The offer is currently the highest for Onyx, said the person, who asked not to be named because the process is private. Onyx disclosed in June that it was working with advisers to find a buyer after spurning an offer of $120 a share from Thousand Oaks, California-based Amgen. Onyx rejected Amgen’s proposal because management saw it as too low compared with other recent deals in the industry, a person familiar with the matter said at the time.
Amgen increased the offer after reviewing South San Francisco, California-based Onyx’s non-public financial statements, said the person with knowledge of the current bid. The company is scheduled to report results this week. A successful suitor would gain control of Onyx’s blood-cancer treatment Kyprolis, which it sells alone and whose sales may surge about ninefold to $2.4 billion by 2019, according to analyst estimates compiled by Bloomberg.

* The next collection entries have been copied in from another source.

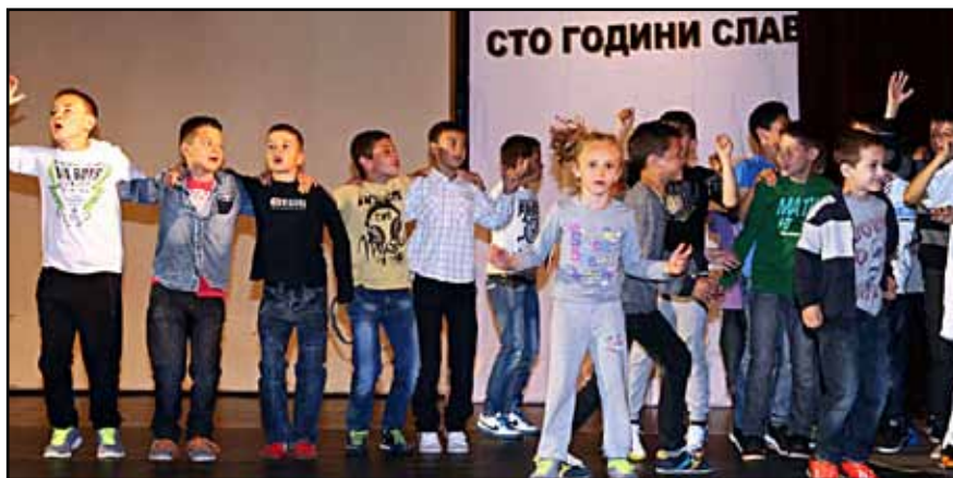
Прекрасна гледка бяха стотиците деца скандиращи спонтанно „Славия“ на сцената в НДК

Освен проекцията на лентата на сцената звучаха изпълнения на рокджииите от „Импулс“ и „Спринт“, които пък представиха уникалния проект – „Белият албум“. Освен това в НДК се продаваше алманахът „100 го-
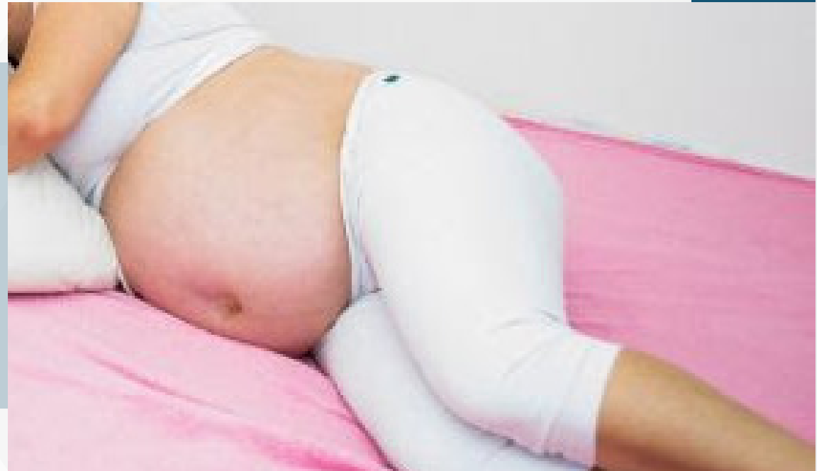
Os nove meses de gestação podem implicar na saúde dental. Saiba como evitar transtornos

“O travesseiro de corpo também é um ótimo aliado para ser
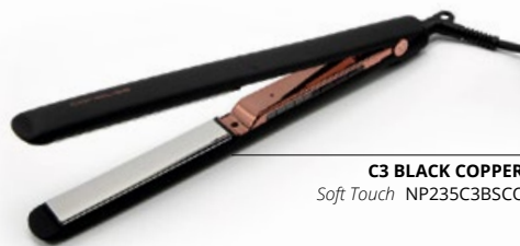
C3 BLACK COPPER Soft Touch NP235C3BSCO
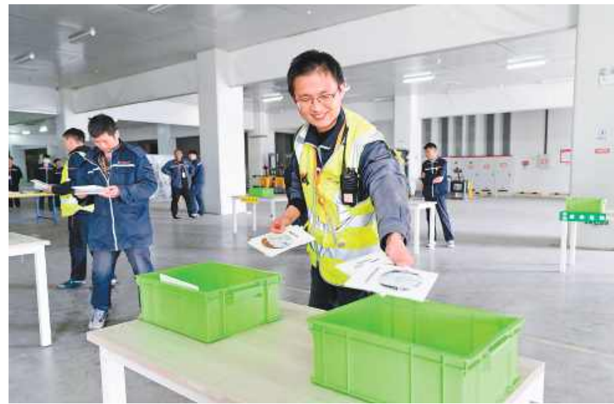
通威太阳能科技固废分类竞赛活动合肥基地现场
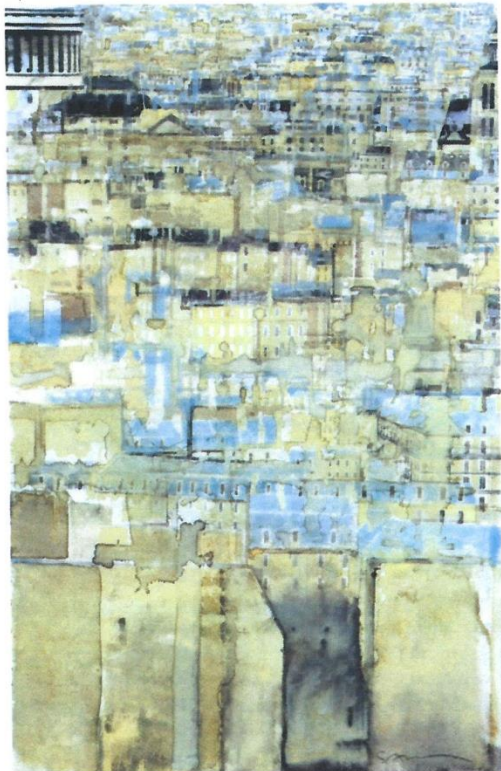
Paris, le Panthéon, 2006 - Aquarelle, 47,6 x 30,1 cm

“This looks like Amgen is last man standing and this is probably pretty close to the final price,” said Michael King, a JMP Securities senior biotech analyst in New York. “If there was a third party, they would have either stepped in or the price would be higher,” he said in phone interview. King has an equivalent to a hold rating on the stock.
Onyx closed at $132.02 in New York today, giving the company a market value of $9.6 billion. The shares rose 1 percent to $133.75 in trading after exchanges closed.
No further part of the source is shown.